Making Fixed Width Work
A common complaint when developing fixed-width layouts for the lowest common denominator comes from users with high-end machines who look at the page and complain that there is too much additional space surrounding the page.

First, center the site. This won’t work if you need to depend on alignment of foreground and background images. However, it guarantees that the page will be presented in the center of the browser window and tends to resolve the complaint of only using a small amount of screen space on the left-hand side of the screen. Second, use a background image as a decorative solution on the right.

This may present bandwidth problems, so if you use a large background image to do this, you’ll want to be sure that it has a minimal palette and is graphically simple. One way to do this is to use low resolution graphical elements in the right-hand margin.

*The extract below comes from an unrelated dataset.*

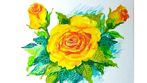 🌹🌼🌹Как нарисовать ярко-желтую розу масляной пастелью.🌹🌼🌹
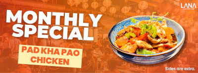 Special Offer Phad Kha Pao Chicken With fresh garlic, chilli, onion, mushroom and sweet basil.

There are some things to remember when using a fixed-width solution. The lowest common denominator fixed-width size to use is 520 pixels wide. This will work for printing and on 640 x 480 monitors.

Some combinations of printers, printer settings, browsers, and operating systems will not work with pages beyond 520 pixels in width. Anything above this may be cut off.

Thus, if it is important that your pages are printable for all your customers, you may want to consider 520 pixels as a maximum width or provide an alternate means for them to get printed information from your web site.

If printing isn’t a concern, then the next width you need to worry about is that required by users who are running machines with a resolution of 640 x 480 pixels. To leave plenty of horizontal space for margins, windows, scroll bars, and window borders, we use a maximum width of 595 pixels.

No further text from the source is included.